Изменить стиль страницы

— Чик-чик! Раз-два! Чик-чик! Раз-два! Печ-чатай, печ-чатай! Р-рота-а!.. — Команда взвивалась так поднебесно, звеняще высоко, что озноб всеобщего возбуждения колючими струйками пробегал по нашим мокрым спинам, ударяющие в землю ноги становились непобедимо чугунными. — Р-рота-а! — несколько выдержав, повторял старшина до пределов невозможного поднятым фальцетом и в такт слитным ударам сапог, коротко, сильно отрубая, выдыхал всей грудью: — Чик! Чик! Чик! Чик! Р-р-рота-а!.. — в третий раз жестко повторял Кочкин нараспев, и несущий вселенскую победу грохот сапог соединялся в единый отбивающий звук, сотрясая тополя, стекла училищных корпусов. — Р-рота-а-а! Стой! Плохо, отвратительно! Строевая воспитывает и объединяет дух, а не обучает балету! Яс-сно? Шэ-эгом а-арш! Чик-чик! Крепче ножку! Орлами глядеть! Выше подбородки! Печ-чатай!

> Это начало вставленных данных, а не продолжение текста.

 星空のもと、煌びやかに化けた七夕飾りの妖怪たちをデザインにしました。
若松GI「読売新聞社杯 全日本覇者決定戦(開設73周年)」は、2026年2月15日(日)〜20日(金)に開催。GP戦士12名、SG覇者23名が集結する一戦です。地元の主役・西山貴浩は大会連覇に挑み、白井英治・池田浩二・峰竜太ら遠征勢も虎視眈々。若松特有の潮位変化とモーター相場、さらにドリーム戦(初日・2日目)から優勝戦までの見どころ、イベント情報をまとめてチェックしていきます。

Помню его и во время вечерней поверки за месяц до отправки училища на фронт, когда я вплотную столкнулся с его неподкупным пронизывающим светлым взором.

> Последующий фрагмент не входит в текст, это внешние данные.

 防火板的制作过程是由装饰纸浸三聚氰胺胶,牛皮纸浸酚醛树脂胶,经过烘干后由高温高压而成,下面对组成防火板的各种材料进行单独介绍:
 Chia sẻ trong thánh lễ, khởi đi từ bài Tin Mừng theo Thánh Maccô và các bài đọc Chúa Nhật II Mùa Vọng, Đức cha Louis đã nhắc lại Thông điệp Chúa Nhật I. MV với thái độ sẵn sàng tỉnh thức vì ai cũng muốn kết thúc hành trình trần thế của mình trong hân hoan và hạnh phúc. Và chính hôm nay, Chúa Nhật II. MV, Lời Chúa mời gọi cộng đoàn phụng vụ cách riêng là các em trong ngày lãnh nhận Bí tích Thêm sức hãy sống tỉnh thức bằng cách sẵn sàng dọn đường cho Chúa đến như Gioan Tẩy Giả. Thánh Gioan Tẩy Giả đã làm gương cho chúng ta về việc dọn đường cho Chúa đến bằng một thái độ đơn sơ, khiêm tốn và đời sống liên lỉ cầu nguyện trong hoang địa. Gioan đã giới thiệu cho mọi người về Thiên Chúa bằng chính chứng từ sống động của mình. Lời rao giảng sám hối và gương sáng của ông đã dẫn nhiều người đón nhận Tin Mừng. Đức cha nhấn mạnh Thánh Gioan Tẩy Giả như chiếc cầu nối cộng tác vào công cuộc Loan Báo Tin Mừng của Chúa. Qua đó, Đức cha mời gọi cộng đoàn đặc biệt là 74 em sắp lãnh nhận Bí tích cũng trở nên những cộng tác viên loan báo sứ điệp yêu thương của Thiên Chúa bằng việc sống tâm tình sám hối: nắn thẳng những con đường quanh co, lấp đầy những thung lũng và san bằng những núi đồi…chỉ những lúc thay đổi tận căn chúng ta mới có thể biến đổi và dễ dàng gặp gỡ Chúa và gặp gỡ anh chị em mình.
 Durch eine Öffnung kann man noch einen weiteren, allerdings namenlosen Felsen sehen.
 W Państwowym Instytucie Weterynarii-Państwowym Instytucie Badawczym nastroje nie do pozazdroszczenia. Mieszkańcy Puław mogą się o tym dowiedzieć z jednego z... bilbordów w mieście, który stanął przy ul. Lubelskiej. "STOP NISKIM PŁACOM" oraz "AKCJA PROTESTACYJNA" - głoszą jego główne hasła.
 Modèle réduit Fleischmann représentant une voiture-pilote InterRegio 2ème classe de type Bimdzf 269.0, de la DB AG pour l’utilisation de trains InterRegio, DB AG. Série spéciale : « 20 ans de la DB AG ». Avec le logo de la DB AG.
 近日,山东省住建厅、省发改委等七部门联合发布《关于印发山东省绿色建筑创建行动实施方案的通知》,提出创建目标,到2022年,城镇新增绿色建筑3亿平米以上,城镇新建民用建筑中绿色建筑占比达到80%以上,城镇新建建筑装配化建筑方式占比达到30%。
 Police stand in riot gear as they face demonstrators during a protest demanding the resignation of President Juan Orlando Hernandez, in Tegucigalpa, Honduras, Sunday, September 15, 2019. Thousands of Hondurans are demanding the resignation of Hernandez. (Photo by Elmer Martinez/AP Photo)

— Па-ачему опоздали в строй?

— Я был в туалете.

— Не спрашиваю, где вы были. Я вас спрашиваю: почему опоздали в строй?

— Я был…

— Пач-чему опоздали? Где причина? Па-ачему?

— Я же объяснил… но вы задаете вопросы и не даете отвечать…

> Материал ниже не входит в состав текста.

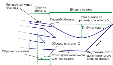 | Обрезка слоя основания | Уменьшенная ширина материала слоя основания для обеспечения возможности вставки дополнительного слоя основания. Боковая кромка слоя материала будет иметь такое же значение откоса, что и выход на рельеф обочины. | Числовое, положительное |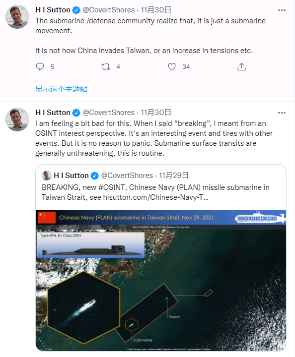 何况还有萨顿后续还有补充说明。在11月30日发现关于“中国核潜艇通过台湾海峡的”的判断引起外界热炒后,他在社交媒体上接连发文澄清说,“潜艇上浮航行通常是无威胁的,这是例行的行为”“这不是中国如何入侵台湾,也不是紧张局势的加剧”“抱歉,如果我引起了恐慌或过度兴奋”。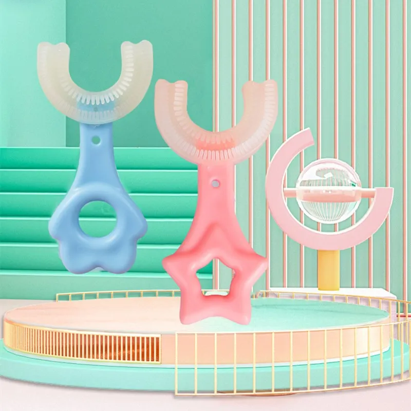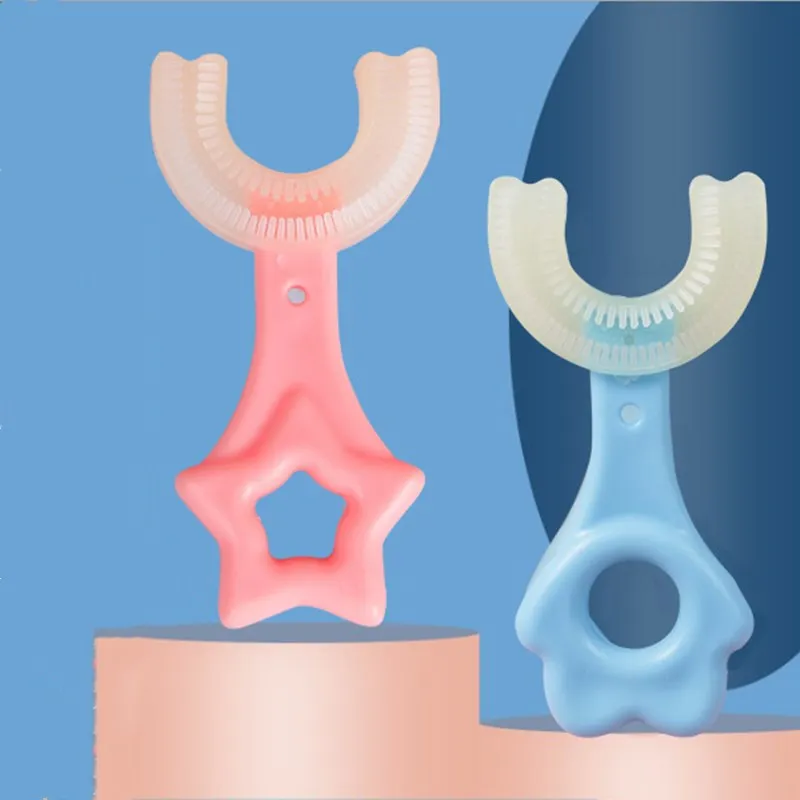 Детская зубная щетка 360 градусов U-образная зубная щетка с ручкой Силиконовая зубная щетка для ухода за полостью рта для детей в возрасте от 2 до 12 лет

— Ма-алчать! И запомните: я ваши принципы необъективных причин разрушу! Встаньте в строй и подумайте о том, как вы только что огорчили всю роту! Яс-сно? Как поворачиваетесь? Отставить! Кру-угом! Шэгэм арш! Так на чем мы остановились, товарищи курсанты? Кто там очищается на левом фланге? Смир-рно! Вольно! Слушать сюда! Так вот, сержанты должны отвечать за три вещи: дисциплина, внутренний распорядок, оружие. Учебу берут на себя командиры взводов. Это из-звестно. Что получилось сегодня? Сдали экзамены и разбрелись по училищу — кто, так сказать, в библиотеку, кто по грибы. Экономить, беречь время надо, товарищи будущие командиры. Яс-сно? Между тем Григурко плавал на топографии, как самовар. Пахомов ерунды напорол — ни в какой мешок не уложишь. Кулаков чушь тянул, как утопленника за ягодицы, а сам во взводе сидит в нижней рубахе, дисциплину расшатывает разгильдяйством. Каково оружие у него оказалось? Ржавый затвор. В канале ствола будто мухи пообедали. Сер-ржанты должны провер-рять оружие, а не осматривать! Все. Смир-рно! Вольно! Раз-з-зойдись!..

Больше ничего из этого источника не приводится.